Художник
Шрифт:
Вот, по-моему, одна-единственная причина, что у нас, коли мастер своего дела, то непременно и горький пьяница. А кроме этого, замечено, что и между цивилизованными нациями люди, выходящие из круга обыкновенных людей, одаренные высшими душевными качествами, всегда и везде более или менее были чтителями, а нередко и усердными поклонниками веселого бога Бахуса. Это уже, должно быть, непременное свойство необыкновенных людей.
Я лично и хорошо знал гениального математика нашего О[строградского] (а математики вообще люди неувлекающиеся), с которым мне случилось несколько раз обедать вместе. Он, кроме воды, ничего не пил за столом. Я и спросил его однажды: «Неужели вы вина никогда не пьете?» – «В Харькове еще когда-то я выпил два погребка, да и забастовал», – ответил он мне простодушно.
Немногие, однако ж, кончают двумя погребками, а непременно принимаются за третий.

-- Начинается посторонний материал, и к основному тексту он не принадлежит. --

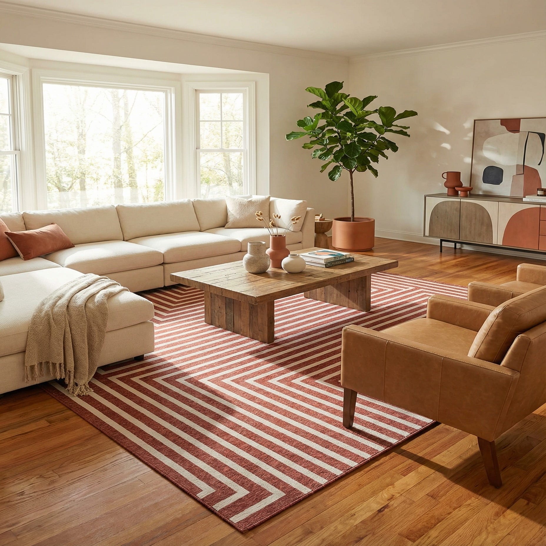 Primary color is Rust Red. Colors in this rug include: Rust Red, Ivory.
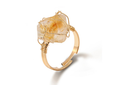 Este anillo destaca por su geometría irregular, es una joya elegante, original y divertida. Diseñado con piedras naturales de Cuarzo Citrino, sin níquel, sin plomo, de material hipoalergénico de máxima calidad para pieles sensibles, esta ensamblado a mano.
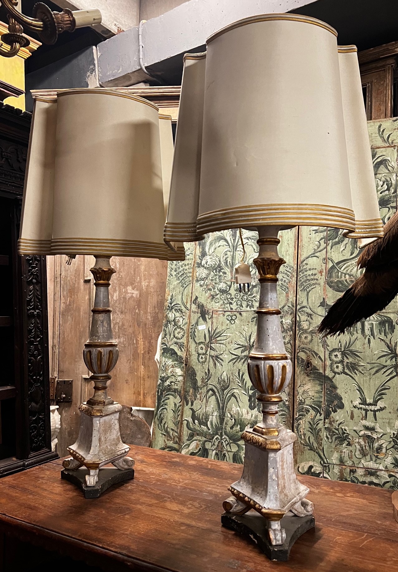 LAMP240 - Lacquered and sculpted wooden candlesticks, with gilded decorations.
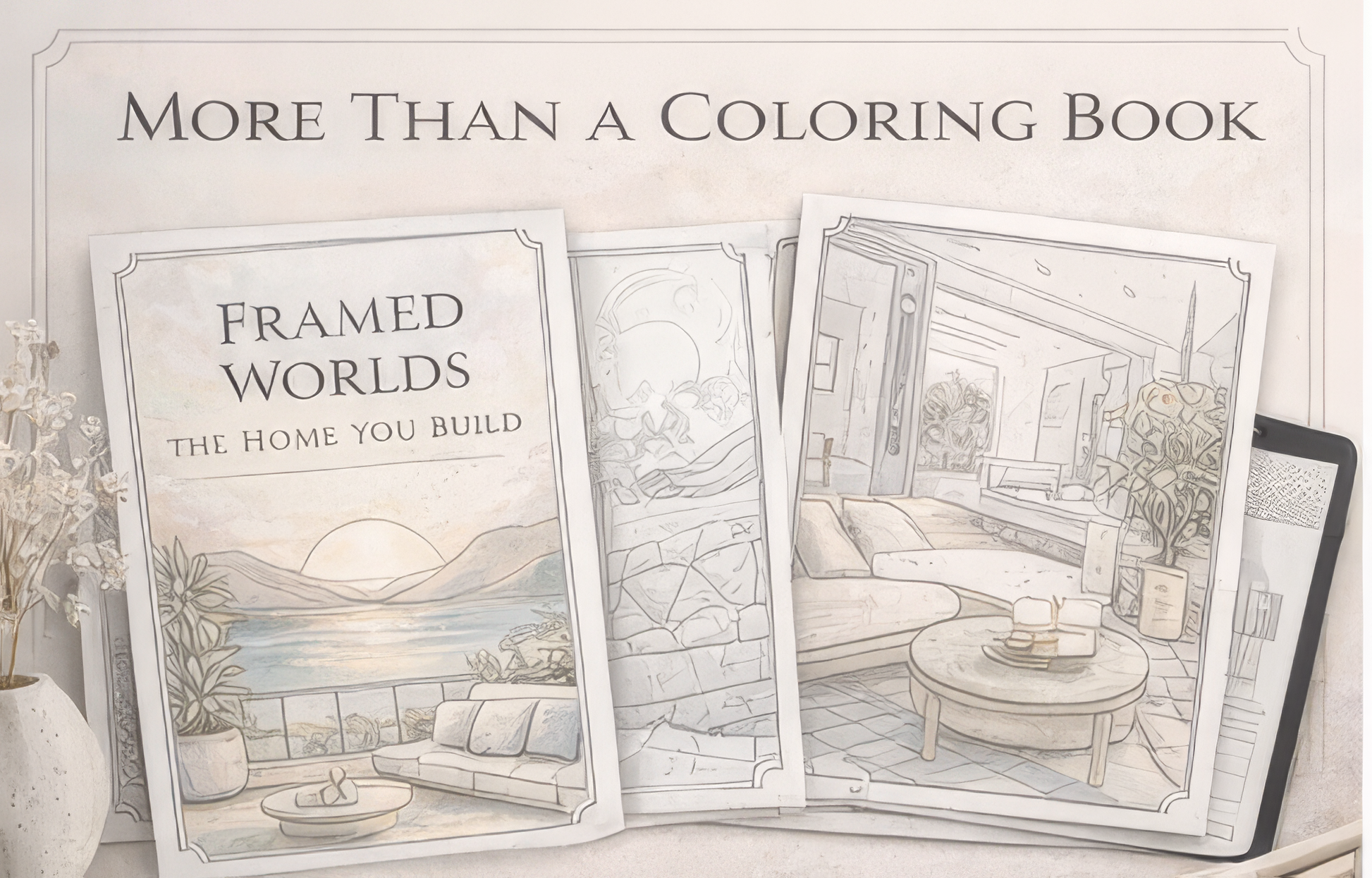 Framed Worlds: The Home You Build is not just a coloring book — it’s a guided, immersive experience in imagining the spaces you live in and the feeling you want them to hold.
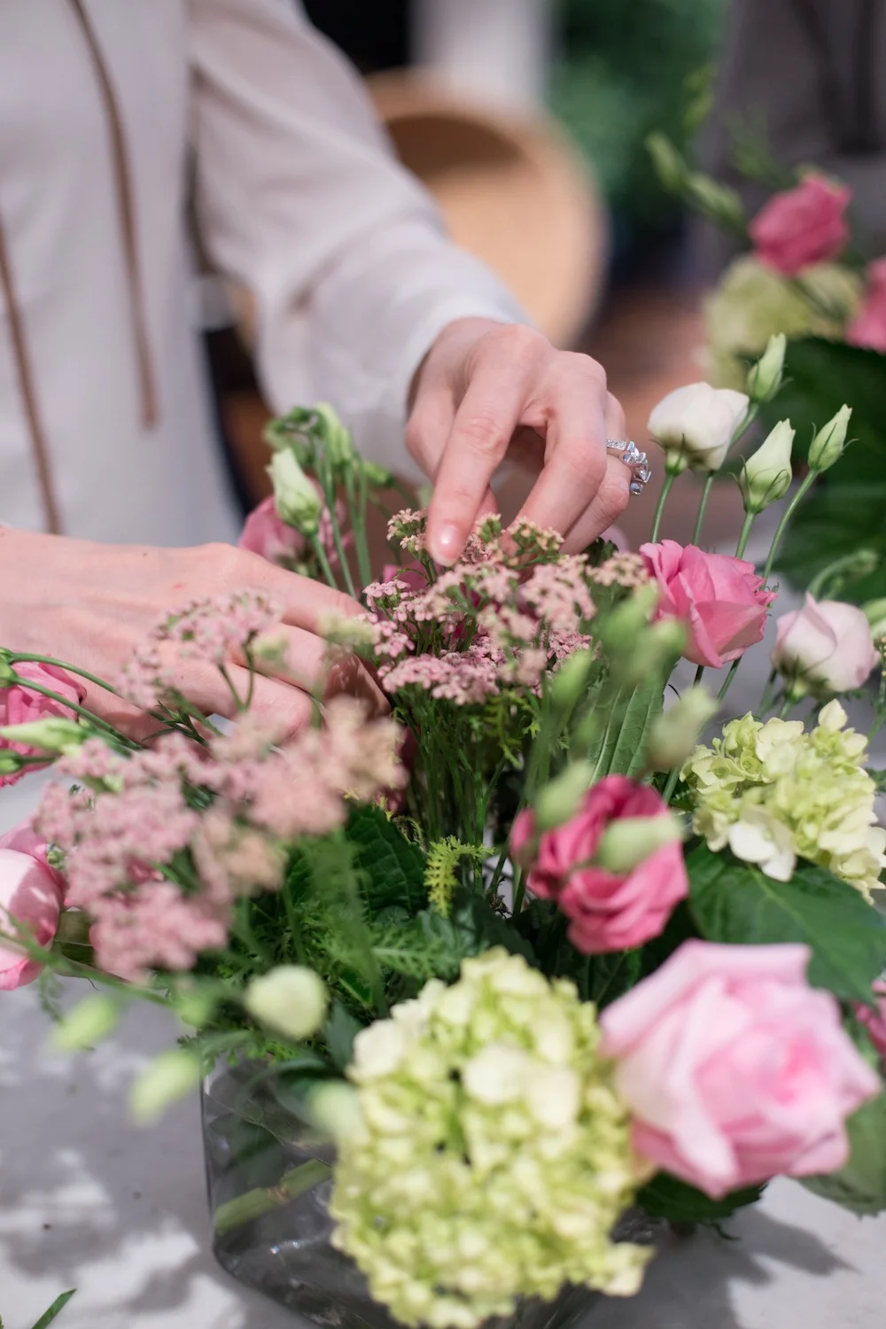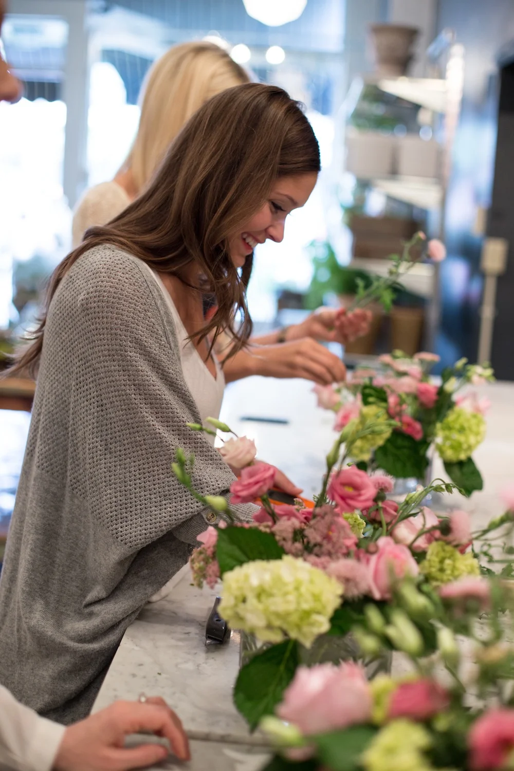 Last week, our team had the opportunity to learn how to arrange beautiful flowers from pro, Amy Backman of Spruce Flowers and Home! Spruce's "living with flowers" class taught us everything we need to know to make our very own home arrangement {with the help of gorgeous pinks and greens, compliments of Spruce}. Amy shared with us her floral arranging bits and tips including how to select the just-right flowers and vase, how to accurately cut the stems, and the ins and outs to proper flower placement. Thanks more here to Amy for sharing her secrets–we can't wait to put our new skill to the test by arranging one of our very own! Check out some behind the scenes shots from our Living With Flowers class captured by the talented Molly Smith Photography.
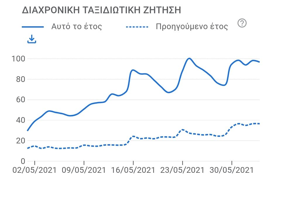 Σε ότι αφορά στο γενικό ενδιαφέρον η ζήτηση για διακοπές στην Ελλάδα είναι σαφώς αυξημένη τον Μάιο του 2021 σε σχέση με πέρσι. Παρά το γεγονός αυτό οι κρατήσεις στα ξενοδοχεία παραμένουν σε πολύ χαμηλό επίπεδο, με πολλούς ξενοδόχους να θεωρούν πλέον ακόμα και τον Ιούλιο χαμένο μήνα. Ιδιαίτερα στα ξενοδοχεία που είχαν συμβόλαια μόνο με “κλειδωμένες” αγορές όπως την Αγγλική ο φόβος για μια ολοκληρωτικά χαμένη σεζόν είναι υπαρκτός.
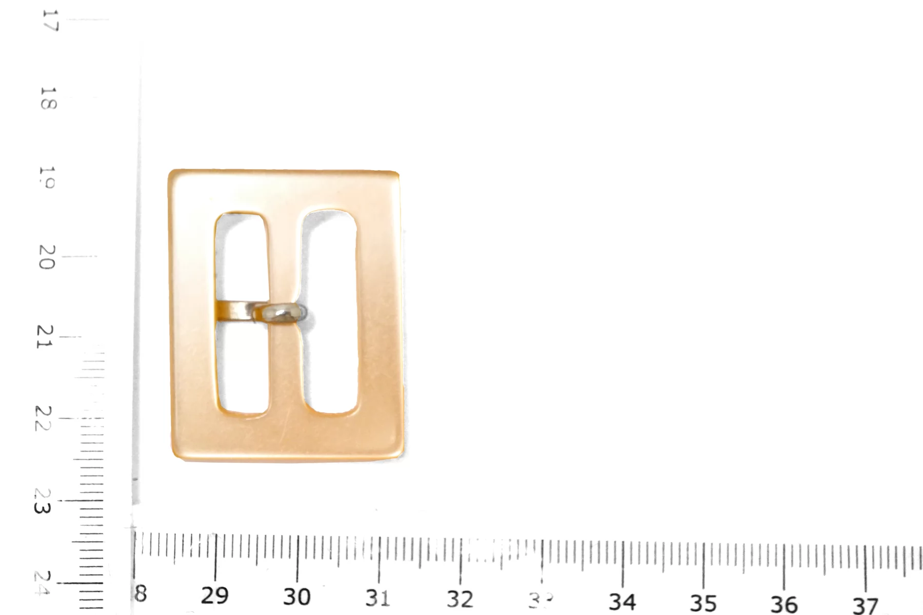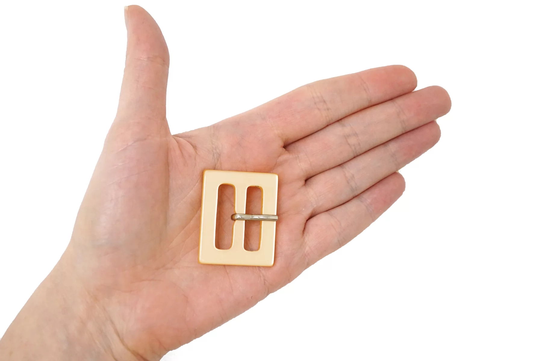 Пряжка прямоугольная из пластмассы, светло-персикового цвета с перламутром . Внутренний размер (для ремешка) - 25 мм.
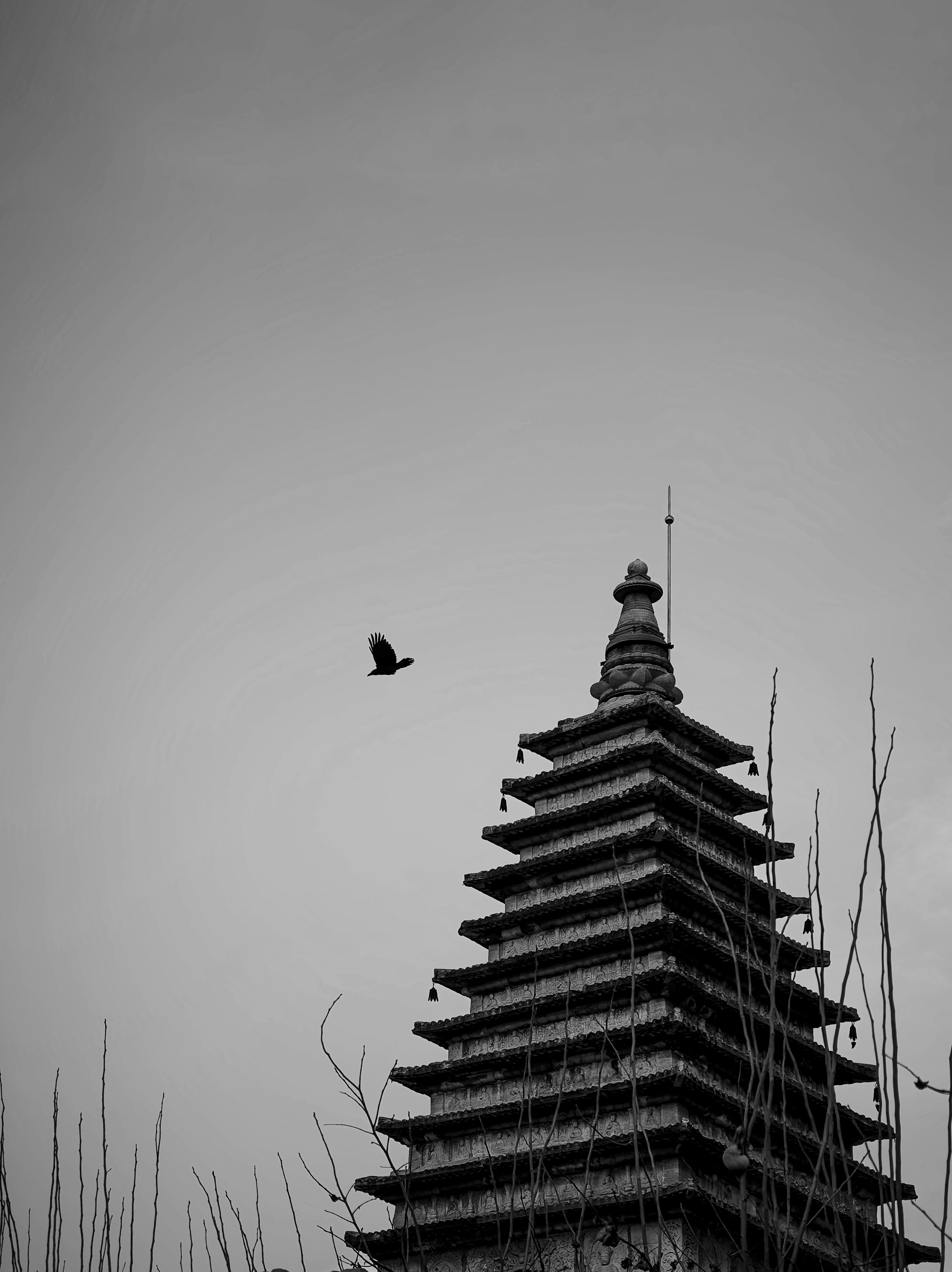“呀——呀——”几声粗粝的啼鸣划破庭院的寂静。抬头望去,不知何时,寺内古树梢头、塔尖之上,已停落了许多乌鸦。它们时而静立如铁铸的剪影,时而又扑棱棱飞起,在绯红色的天幕下盘旋。同行的摄友见状,轻轻一笑,脱口吟道:“枯枝老树飞鸦。”这是化用元曲作家马致远的“枯藤老树昏鸦”了。我会心,望着眼前景象,接口道:“古塔西风石马。”友人朗声再续:“夕阳西下,摄影师在天涯。”我们相视哈哈大笑起来。这即兴的、略带调侃的打油诗,竟悄然道出了此刻苍茫而豁然的意境。
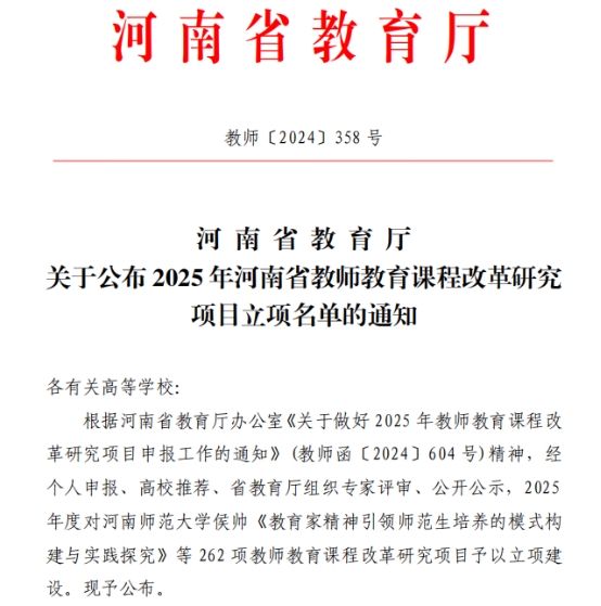 喜讯:BEAT365官网3项课题获批2025年河南省教师教育课程改革研究项目立项
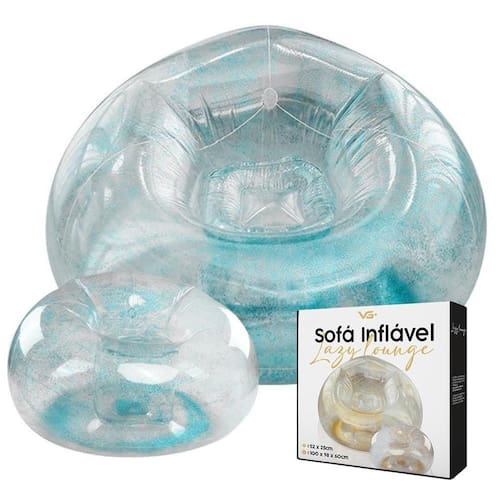 - Dimensões Puff. 52 x 52 x 25cm;Poltrona InflÃvel Lazy Lounge Glitter Com Puff VG Plus Azul
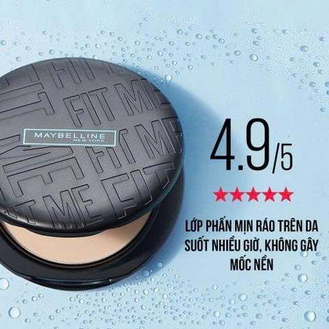 - Sau bước kem nền Fit Me/ kem che khuyết điểm Fit Me, sử dụng Maybelline Fit Me Matte + Poreless Powder để khóa lớp trang điểm trên da.
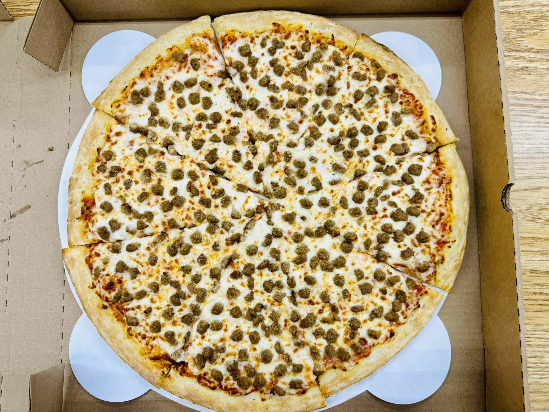 Big T Pizza’s sausage pizza.
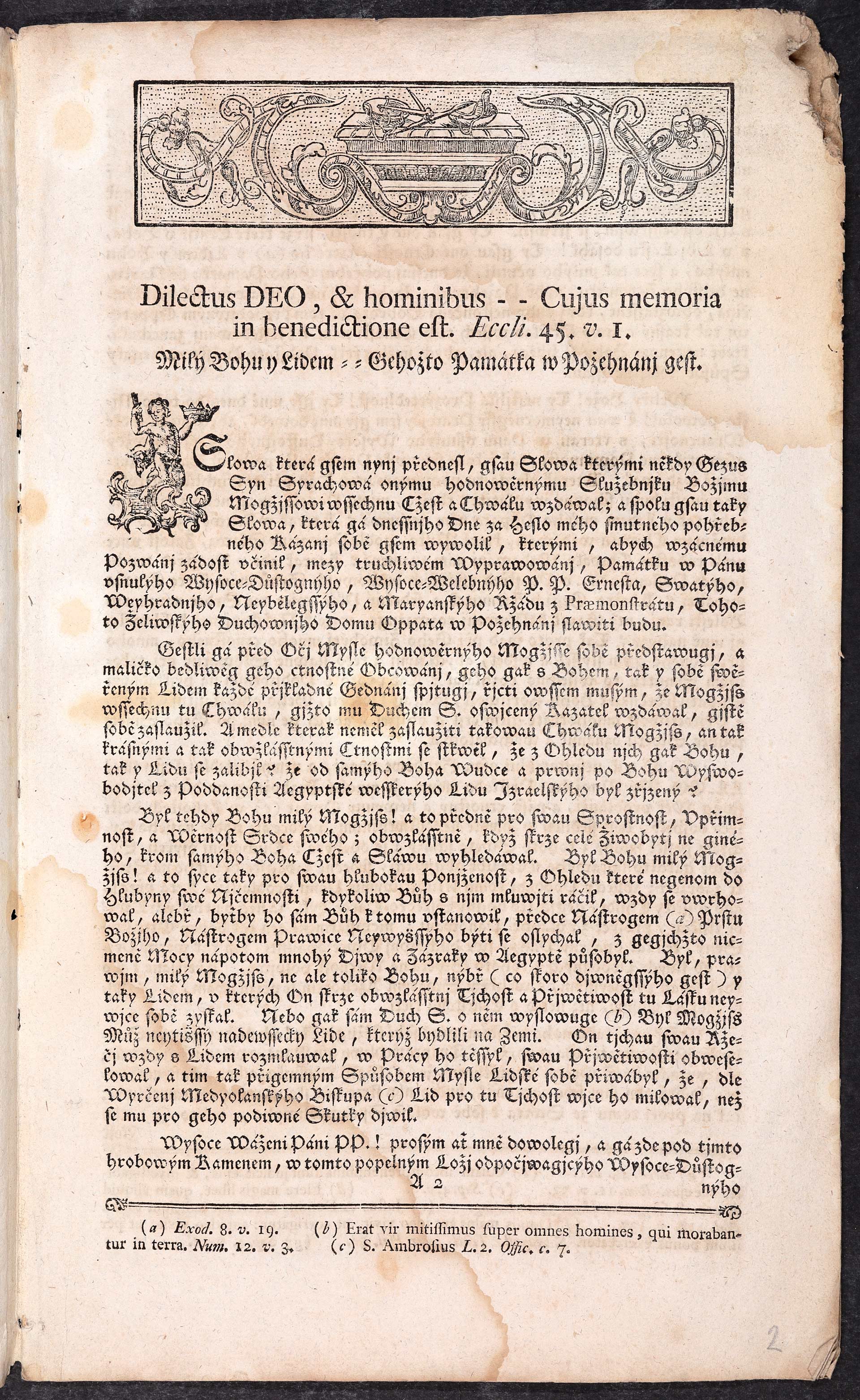Jb-3-02) První strana kázání, uvozená dřevořezovým vlysem a drobným dřevořezem provázejícím iniciálku.

Нередко и за четвертый и на этом-то роковом четвертом кончают свою грустную карьеру, а нередко и самую жизнь.
А он, т. е. мой художник, принадлежал к категории людей страстных, увлекающихся, с воображением горячим. (А это-то и есть злейший враг жизни
В художнике моем хотелося бы мне видеть самого великого, необыкновенного художника и самого обыкновенного человека в домашней жизни. Но эти два великие свойства редко уживаются под одной кровлей.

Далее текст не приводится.